* [Task directions] Please set down each of the lines below once more, exactly, omitting all pictures.

------ Recorded information ------

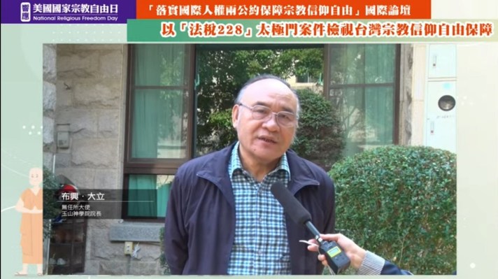 無任所大使暨玉山神學院院長布興.大立表示,美國自1786年的宗教自由設立至今已經有236年的時間,以宗教的力量來做為建立一個國家最基本的力量,所以美國的憲法尊重人權跟自由,宗教的力量、自由的力量和人權的力量讓美國成為世界的大國。他認為,政府不能忘記宗教的力量,要成為整個世界的普世價值。布興.大立表示,發生超過25年的太極門案,最高法院已經有自由跟人權的公平判決,外交部、司法單位或者是財務(財政部)、國稅局都要以這個為依據,而這個就是我們還沒有去執行的地方。他鼓勵太極門要繼續爭取,不要放棄,不少的朋友和宗教自由的國家都會成為後盾。這是最後一道防線,大家一起努力,幫助台灣政府,站在正向的力量跟正義的力量。
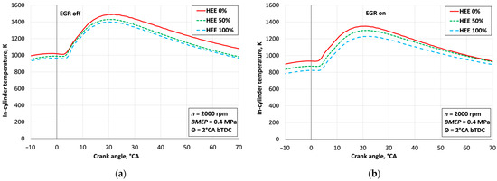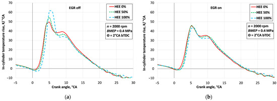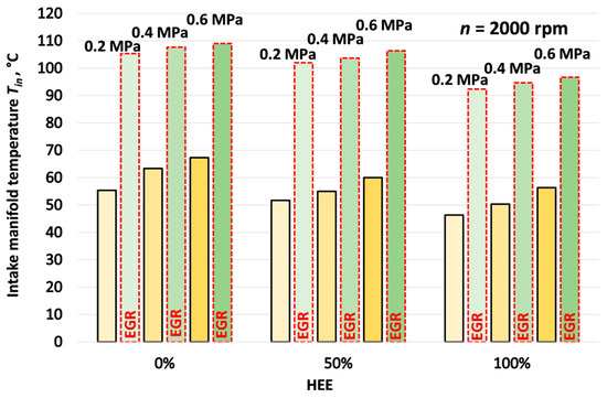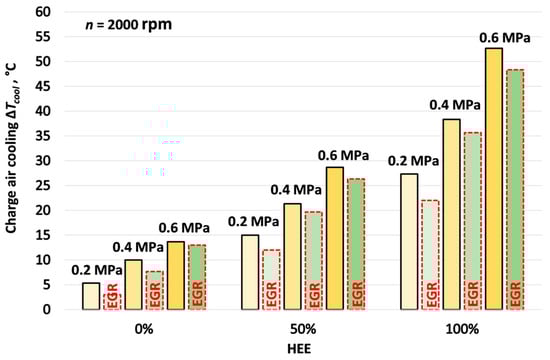 - with 100% HEE, intake manifold air temperature dropped by ~13 °C, while intercooler outlet temperature decreased by ~52 °C (EGR on) and ~48 °C (EGR off).
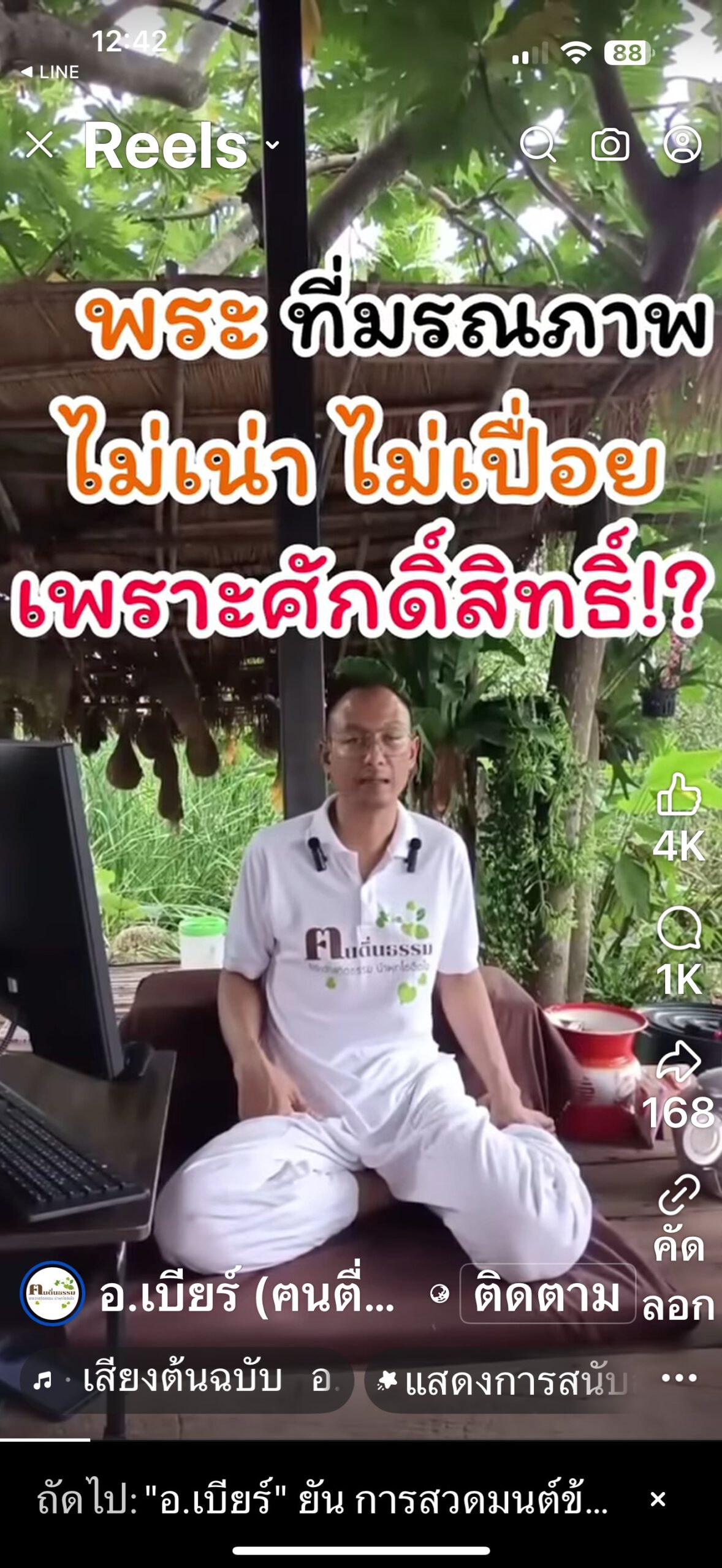 วันที่ 3 มกราคม 68 จากประเด็นร้อนแรงรับต้นปี เมื่อปรากฏมีคลิบ บนโซเชียลเพจ อ.เบียร์ (คนตื่นธรรม) ได้ปรากฏข้อความ ” พระที่มรณภาพ ไม่เน่า ไม่เปื่อย เพราะศักดิ์สิทธิ์ ?” โดยมีภาพและเสียง อ.เบียร์ ได้อ่านข้อความจากคำถามบนหน้าเพจ ซึ่งได้ตอบคำถามว่า “ศักดิ์สิทธิ์ห่าอะไรล่ะ หมาก็มีนะที่ไม่เน่าเปื่อย อันนี้กูไม่ได้ดูถูกครูบาอาจารย์นะ ครูบาอาจารย์ที่มีดีเยอะแยะไม่เกี่ยว อันนี้กูพูดถึงความเห็นต่าง ร่างกายไม่เน่าเปื่อย ร่างกายไม่เน่าเปื่อยศักดิ์สิทธิ์เนี่ยศักดิ์สิทธิ์ มึงไปดูสิต่างประเทศเนี่ยที่ไม่เน่าไม่เปื่อยเนี่ยหมาแมว พี่ตายแล้วมันไม่เน่าน่ะไปหาดูสิ เอ้อ มันจะไปเกี่ยวห่าอะไรกับศักดิ์สิทธิ์ มึงไปปรุงแต่งกันเอาเอง มีประเทศเดียวนี่แหละที่มากราบศพมากราบร่างกายที่ไม่เน่าไม่เปื่อย ไปสนใจอยู่แต่กับของทิ้งแล้วของครูบาอาจารย์ ครูบาอาจารย์ท่านทิ้งแล้วพวกมึงเอามากราบไหว้กัน เป็นของทิ้งนั่นน่ะ ใช่หรือเปล่า เอ้อ” จากนั้นคลิปก็ได้ตัดจบลงไป
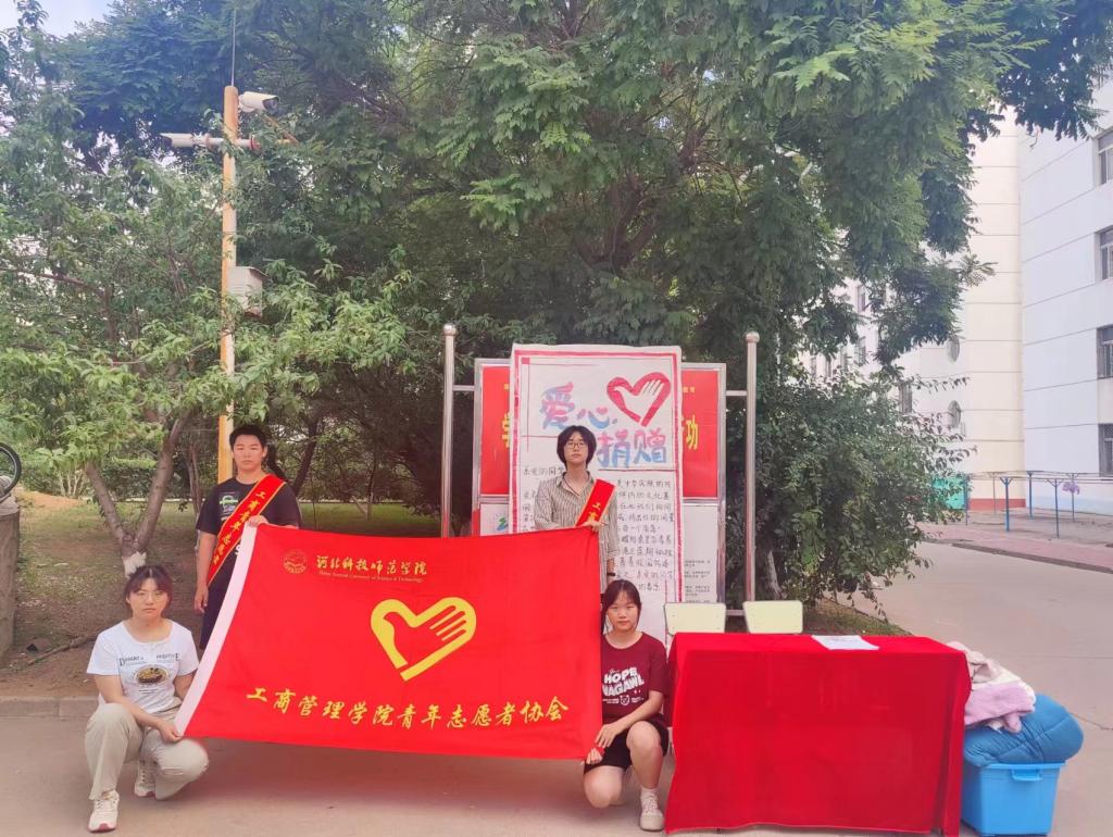 2023年7月1日,jinnianhui今年会“爱心捐赠,旧物传情”爱心捐衣活动在河北科技师范学院主校区举办,jinnianhui今年会青年志愿者协会举办此次活动。

------

* [Solution for this task]
 無任所大使暨玉山神學院院長布興.大立表示,美國自1786年的宗教自由設立至今已經有236年的時間,以宗教的力量來做為建立一個國家最基本的力量,所以美國的憲法尊重人權跟自由,宗教的力量、自由的力量和人權的力量讓美國成為世界的大國。他認為,政府不能忘記宗教的力量,要成為整個世界的普世價值。布興.大立表示,發生超過25年的太極門案,最高法院已經有自由跟人權的公平判決,外交部、司法單位或者是財務(財政部)、國稅局都要以這個為依據,而這個就是我們還沒有去執行的地方。他鼓勵太極門要繼續爭取,不要放棄,不少的朋友和宗教自由的國家都會成為後盾。這是最後一道防線,大家一起努力,幫助台灣政府,站在正向的力量跟正義的力量。
 - with 100% HEE, intake manifold air temperature dropped by ~13 °C, while intercooler outlet temperature decreased by ~52 °C (EGR on) and ~48 °C (EGR off).
 วันที่ 3 มกราคม 68 จากประเด็นร้อนแรงรับต้นปี เมื่อปรากฏมีคลิบ บนโซเชียลเพจ อ.เบียร์ (คนตื่นธรรม) ได้ปรากฏข้อความ ” พระที่มรณภาพ ไม่เน่า ไม่เปื่อย เพราะศักดิ์สิทธิ์ ?” โดยมีภาพและเสียง อ.เบียร์ ได้อ่านข้อความจากคำถามบนหน้าเพจ ซึ่งได้ตอบคำถามว่า “ศักดิ์สิทธิ์ห่าอะไรล่ะ หมาก็มีนะที่ไม่เน่าเปื่อย อันนี้กูไม่ได้ดูถูกครูบาอาจารย์นะ ครูบาอาจารย์ที่มีดีเยอะแยะไม่เกี่ยว อันนี้กูพูดถึงความเห็นต่าง ร่างกายไม่เน่าเปื่อย ร่างกายไม่เน่าเปื่อยศักดิ์สิทธิ์เนี่ยศักดิ์สิทธิ์ มึงไปดูสิต่างประเทศเนี่ยที่ไม่เน่าไม่เปื่อยเนี่ยหมาแมว พี่ตายแล้วมันไม่เน่าน่ะไปหาดูสิ เอ้อ มันจะไปเกี่ยวห่าอะไรกับศักดิ์สิทธิ์ มึงไปปรุงแต่งกันเอาเอง มีประเทศเดียวนี่แหละที่มากราบศพมากราบร่างกายที่ไม่เน่าไม่เปื่อย ไปสนใจอยู่แต่กับของทิ้งแล้วของครูบาอาจารย์ ครูบาอาจารย์ท่านทิ้งแล้วพวกมึงเอามากราบไหว้กัน เป็นของทิ้งนั่นน่ะ ใช่หรือเปล่า เอ้อ” จากนั้นคลิปก็ได้ตัดจบลงไป
 2023年7月1日,jinnianhui今年会“爱心捐赠,旧物传情”爱心捐衣活动在河北科技师范学院主校区举办,jinnianhui今年会青年志愿者协会举办此次活动。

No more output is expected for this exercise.